◆ **Data segment**:
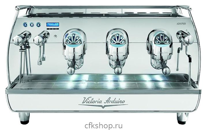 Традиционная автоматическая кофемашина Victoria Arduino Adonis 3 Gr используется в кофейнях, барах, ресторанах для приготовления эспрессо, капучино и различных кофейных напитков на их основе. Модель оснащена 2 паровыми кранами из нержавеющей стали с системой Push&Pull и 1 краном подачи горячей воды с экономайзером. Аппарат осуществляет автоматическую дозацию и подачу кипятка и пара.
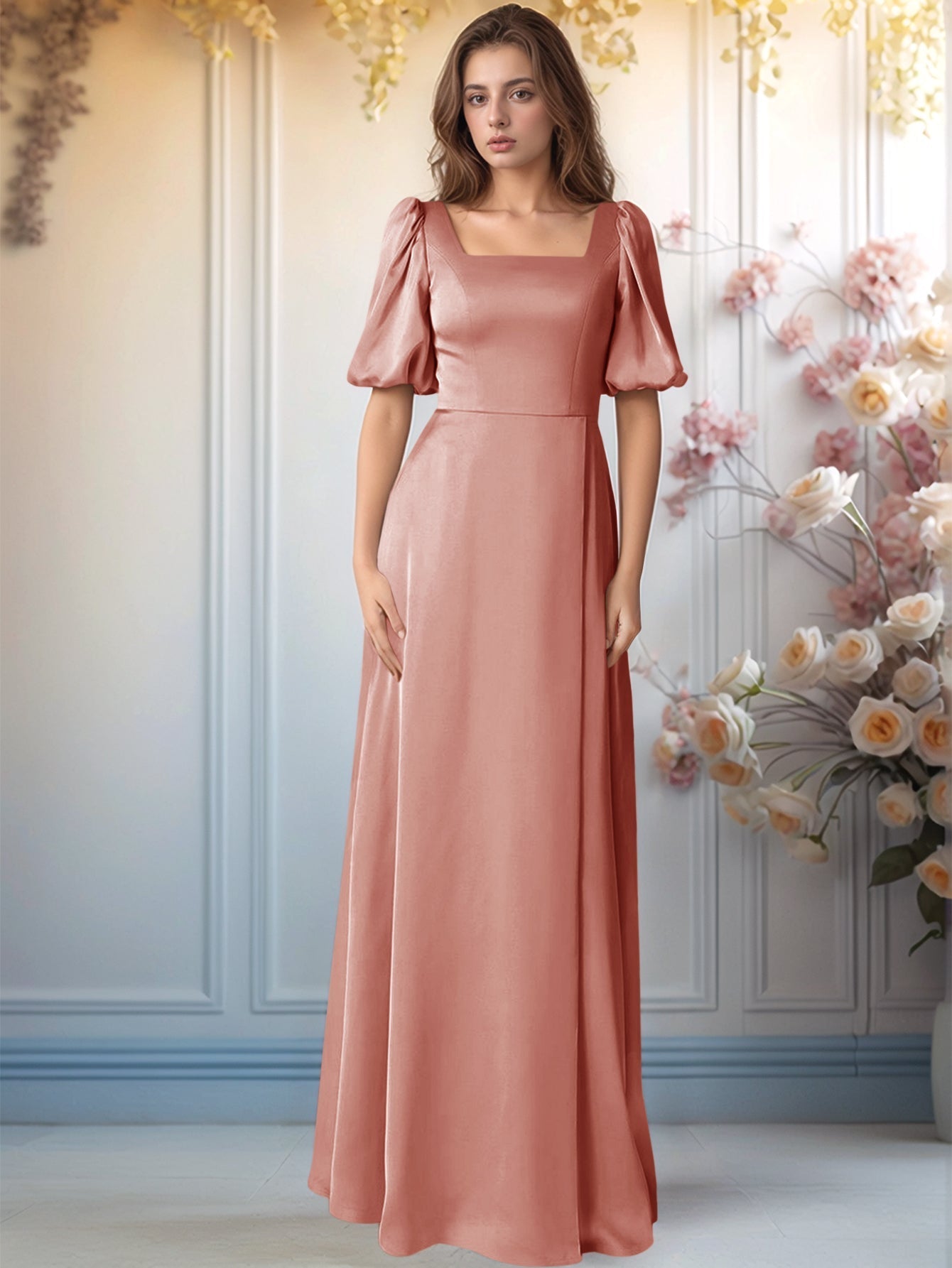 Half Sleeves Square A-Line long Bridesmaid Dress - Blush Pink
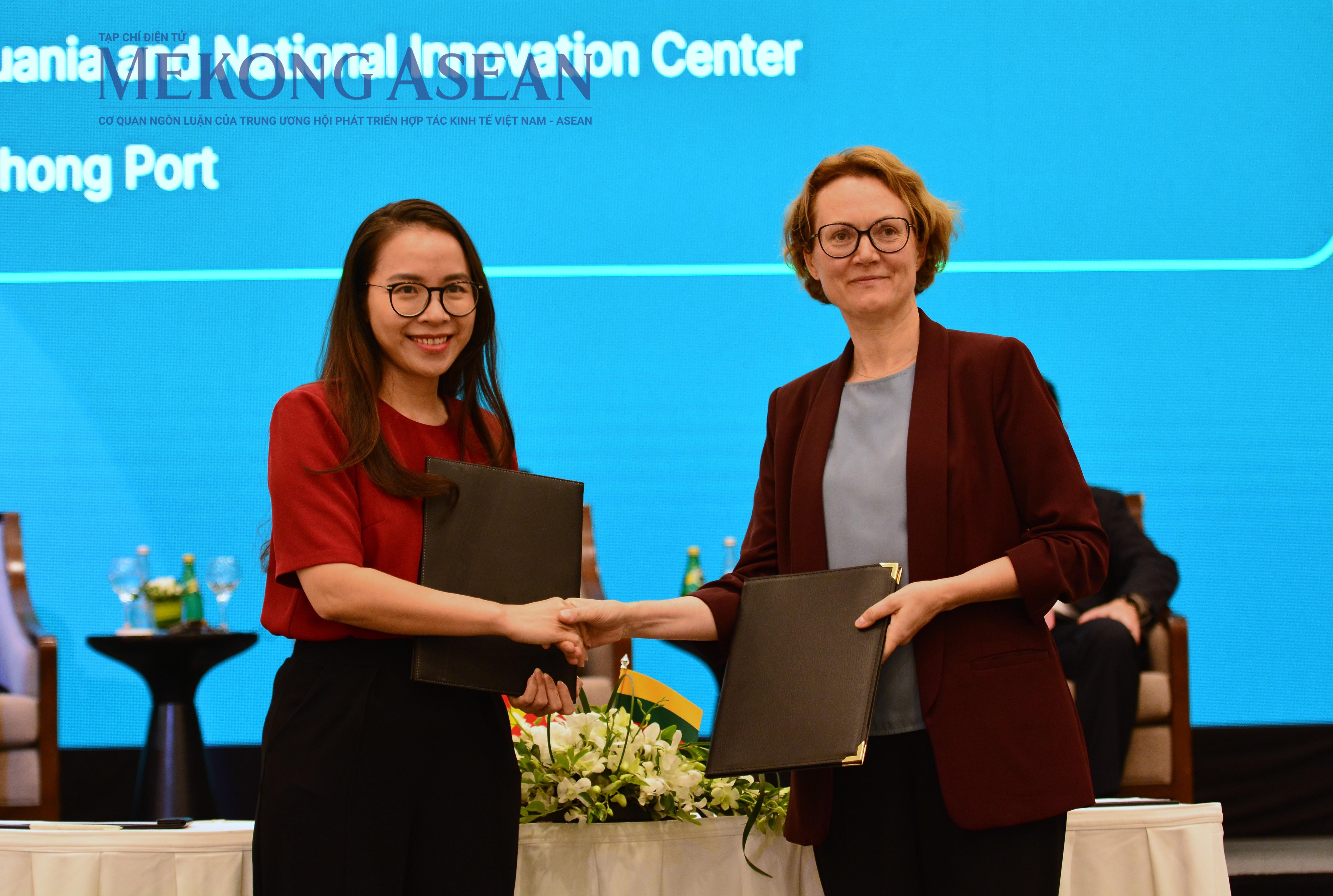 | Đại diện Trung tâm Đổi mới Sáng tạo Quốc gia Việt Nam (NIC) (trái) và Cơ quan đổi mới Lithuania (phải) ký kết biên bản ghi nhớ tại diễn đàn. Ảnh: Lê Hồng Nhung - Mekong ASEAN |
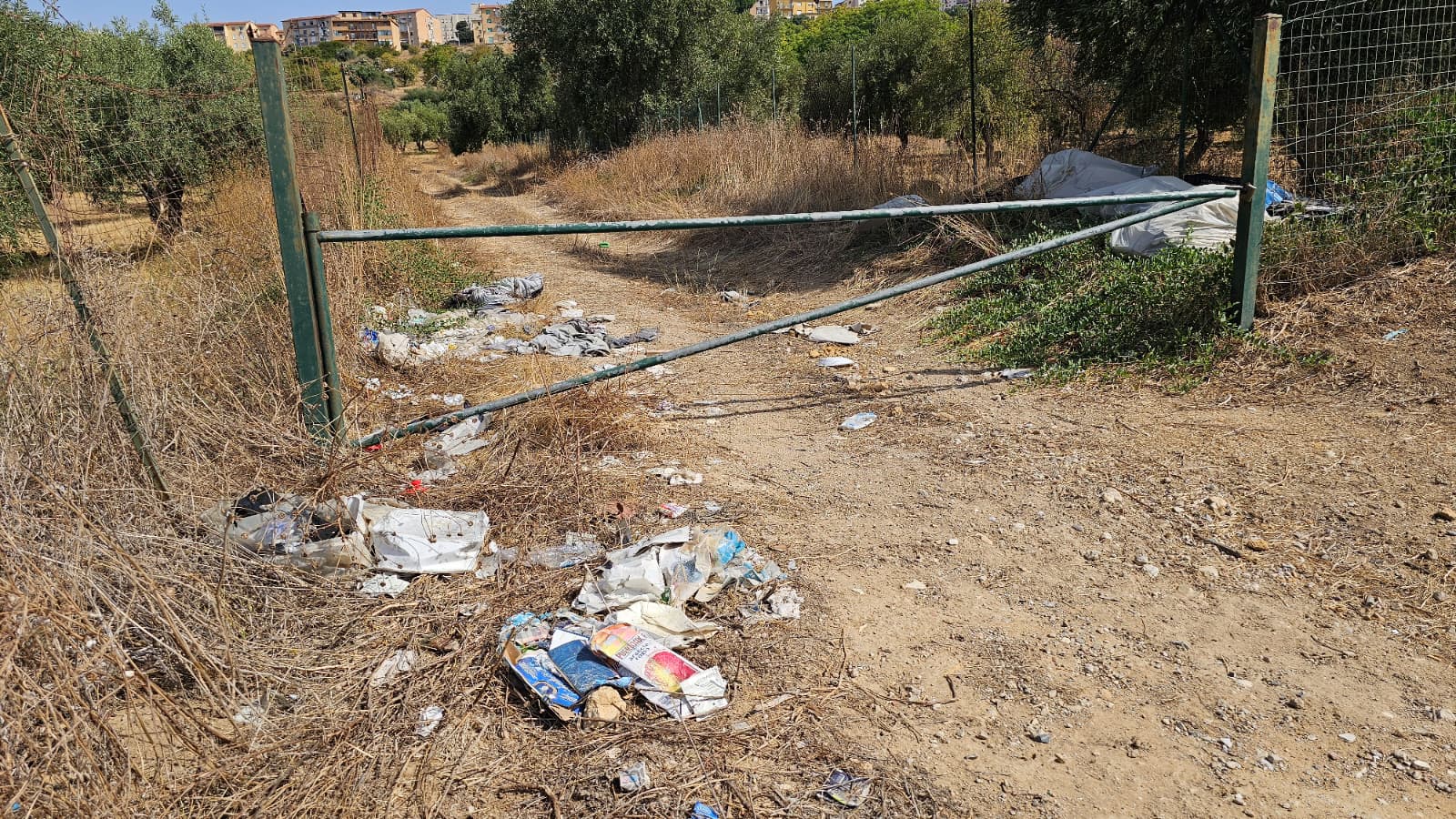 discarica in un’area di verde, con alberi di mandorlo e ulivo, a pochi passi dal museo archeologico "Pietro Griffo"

◆ **Exercise objective**:
Copy out all of the data word for word. Do not carry over any picture.

◆ **Answer box**:
 Традиционная автоматическая кофемашина Victoria Arduino Adonis 3 Gr используется в кофейнях, барах, ресторанах для приготовления эспрессо, капучино и различных кофейных напитков на их основе. Модель оснащена 2 паровыми кранами из нержавеющей стали с системой Push&Pull и 1 краном подачи горячей воды с экономайзером. Аппарат осуществляет автоматическую дозацию и подачу кипятка и пара.
 Half Sleeves Square A-Line long Bridesmaid Dress - Blush Pink
 | Đại diện Trung tâm Đổi mới Sáng tạo Quốc gia Việt Nam (NIC) (trái) và Cơ quan đổi mới Lithuania (phải) ký kết biên bản ghi nhớ tại diễn đàn. Ảnh: Lê Hồng Nhung - Mekong ASEAN |
 discarica in un’area di verde, con alberi di mandorlo e ulivo, a pochi passi dal museo archeologico "Pietro Griffo"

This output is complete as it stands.